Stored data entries
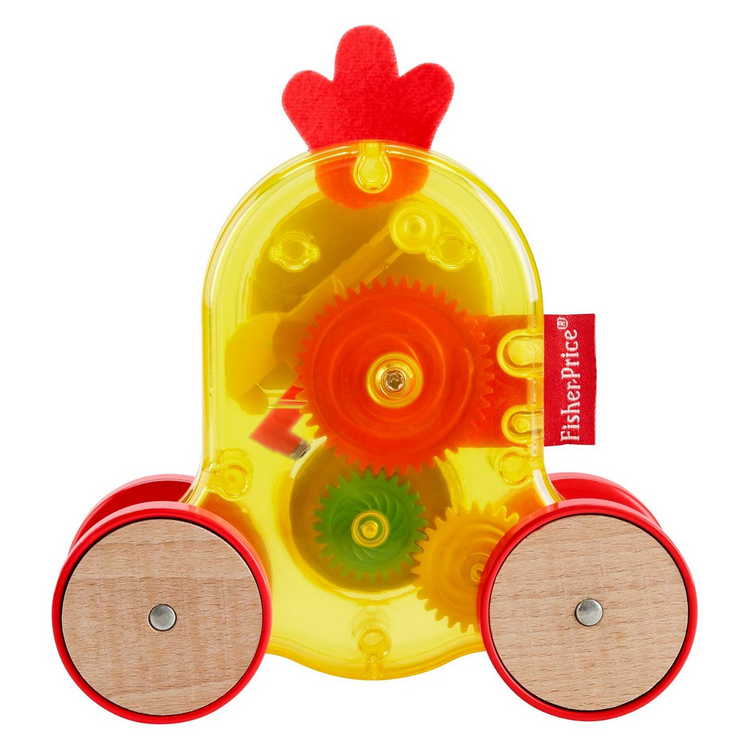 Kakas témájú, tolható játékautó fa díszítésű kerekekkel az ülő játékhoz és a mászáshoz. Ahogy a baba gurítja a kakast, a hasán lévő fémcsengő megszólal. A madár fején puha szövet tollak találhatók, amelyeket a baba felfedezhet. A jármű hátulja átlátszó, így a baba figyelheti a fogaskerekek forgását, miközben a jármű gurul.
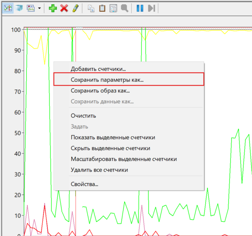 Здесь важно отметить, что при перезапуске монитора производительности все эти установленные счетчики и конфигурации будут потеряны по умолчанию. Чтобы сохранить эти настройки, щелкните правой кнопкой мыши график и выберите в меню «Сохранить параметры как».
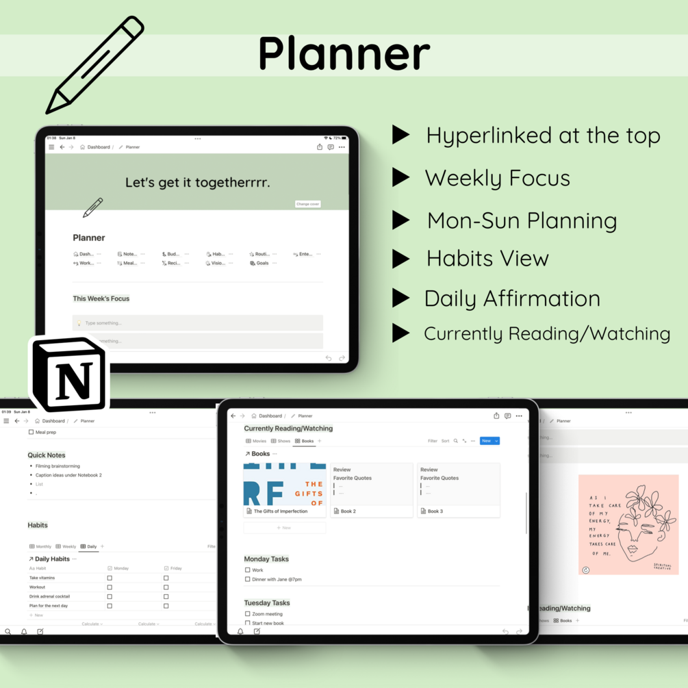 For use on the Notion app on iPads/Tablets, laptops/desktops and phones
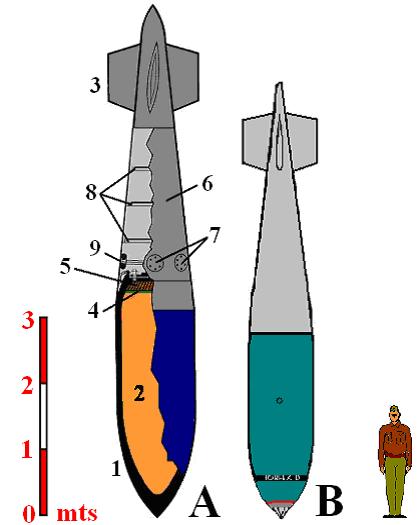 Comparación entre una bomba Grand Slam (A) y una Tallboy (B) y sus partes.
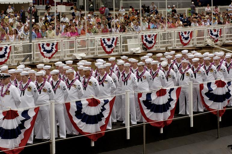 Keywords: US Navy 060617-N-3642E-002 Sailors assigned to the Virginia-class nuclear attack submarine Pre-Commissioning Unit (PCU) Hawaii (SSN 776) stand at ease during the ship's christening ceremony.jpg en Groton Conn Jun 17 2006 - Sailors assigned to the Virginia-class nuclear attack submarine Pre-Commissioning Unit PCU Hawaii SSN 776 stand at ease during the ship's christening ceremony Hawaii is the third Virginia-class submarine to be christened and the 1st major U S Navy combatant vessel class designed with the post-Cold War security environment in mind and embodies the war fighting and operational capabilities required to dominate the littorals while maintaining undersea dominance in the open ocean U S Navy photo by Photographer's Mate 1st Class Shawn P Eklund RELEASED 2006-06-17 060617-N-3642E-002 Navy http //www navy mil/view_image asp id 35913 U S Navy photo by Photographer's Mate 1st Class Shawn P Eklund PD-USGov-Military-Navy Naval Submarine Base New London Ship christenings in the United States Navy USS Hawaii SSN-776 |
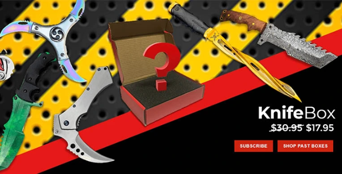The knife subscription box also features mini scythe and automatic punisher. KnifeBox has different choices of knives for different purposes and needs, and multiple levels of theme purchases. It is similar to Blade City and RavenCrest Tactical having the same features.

What the task requires. Copy the records exactly, minus any pictures.

Response to the task.
 Kakas témájú, tolható játékautó fa díszítésű kerekekkel az ülő játékhoz és a mászáshoz. Ahogy a baba gurítja a kakast, a hasán lévő fémcsengő megszólal. A madár fején puha szövet tollak találhatók, amelyeket a baba felfedezhet. A jármű hátulja átlátszó, így a baba figyelheti a fogaskerekek forgását, miközben a jármű gurul.
 Здесь важно отметить, что при перезапуске монитора производительности все эти установленные счетчики и конфигурации будут потеряны по умолчанию. Чтобы сохранить эти настройки, щелкните правой кнопкой мыши график и выберите в меню «Сохранить параметры как».
 For use on the Notion app on iPads/Tablets, laptops/desktops and phones
 Comparación entre una bomba Grand Slam (A) y una Tallboy (B) y sus partes.
 Keywords: US Navy 060617-N-3642E-002 Sailors assigned to the Virginia-class nuclear attack submarine Pre-Commissioning Unit (PCU) Hawaii (SSN 776) stand at ease during the ship's christening ceremony.jpg en Groton Conn Jun 17 2006 - Sailors assigned to the Virginia-class nuclear attack submarine Pre-Commissioning Unit PCU Hawaii SSN 776 stand at ease during the ship's christening ceremony Hawaii is the third Virginia-class submarine to be christened and the 1st major U S Navy combatant vessel class designed with the post-Cold War security environment in mind and embodies the war fighting and operational capabilities required to dominate the littorals while maintaining undersea dominance in the open ocean U S Navy photo by Photographer's Mate 1st Class Shawn P Eklund RELEASED 2006-06-17 060617-N-3642E-002 Navy http //www navy mil/view_image asp id 35913 U S Navy photo by Photographer's Mate 1st Class Shawn P Eklund PD-USGov-Military-Navy Naval Submarine Base New London Ship christenings in the United States Navy USS Hawaii SSN-776 |
The knife subscription box also features mini scythe and automatic punisher. KnifeBox has different choices of knives for different purposes and needs, and multiple levels of theme purchases. It is similar to Blade City and RavenCrest Tactical having the same features.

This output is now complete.